Entro yo con mi cuerpo remachado, un síndrome muy marcado y un tarrito de ilusiones que llamo ideas.  Me siento y te digo:

–          Hola, eres tú la que me viene a salvar-

Tú respondes cálida y pensativa:

–          No yo soy el hambre que nunca calla, que siempre demanda.  Soy el negro deseo, soy el hueco del infierno que no se puede llenar-

Yo me quedo frío, vuelvo a ver mi cuerpo y abro una compuerta, saco algo rojo con sangre y el hedor de los recuerdos llena el cuerpo con un estupor blanco. Parpadeante cual ojo se mueve en mi mano. Lo tomo con ternura y cuidado, mi mirada se nubla, se pierde en el olvido.

Con ojos vacíos te veo y digo:

–          Ten, éste es el último pedazo de carne en mi cuerpo, el último grito de mi acallada humanidad.  Está lleno de dadivosidad, con él, tal vez tu hambre puedas acabar-

Una sonrisa sale de tu cara de cristal, un brillo ilumina esta niebla blanca.  La carne en mis manos vuelve a parpadear y tú te sobresaltas. Brincas con una mezcla de repudio y fascinación.

De nuevo pensativa, me dices con tu expresión, que no lo quieres tomar.

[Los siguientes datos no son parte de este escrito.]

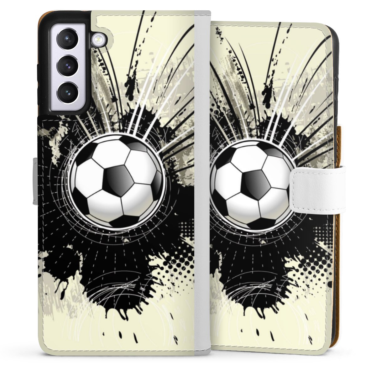 For our Sideflip Case we are using our advanced direct printing technology. The back and frontside are fully printabale, the inside of the phone bag is left unprinted. You can order the phone case without print, printed completely or also with a partial print.

-Tranquila- te digo-  tengo mi tarrito de ilusiones. Ellas son puras, no necesito carne a donde me dirijo-

Lenta y temblorosamente tomo tu mano y pongo sobre ella mi último pedacito de carne.  Tus dedos se extienden, como queriendo salir corriendo en dirección contraria a tu mano.  La sangre chorrea y cae al suelo,

–          Apúrate, que si no se va a enfriar y se pondrá tiesa, haciéndola imposible de masticar-

Cierras tu mano todavía con un poco de repulsión cuando mi carne vuelve a moverse.  De nuevo brincas asustada.  Dejo el tarrito de ilusiones en el suelo y te abrazo.  Mi boca cerca de tu oreja susurra  “come”, “tranquila”.  Apartas una de mis manos y llevas tu mano a tu boca engullendo mi último vestigio de humanidad. La sangre chorrea esta vez de tu boca y baja por tu garganta hasta que se pierde en tus pechos.

Por un segundo me concentro en una de esas gotas, cuando desaparece levanto la cabeza y te beso.

Me separo, tomo mi tarrito de ilusiones y salgo del cuarto.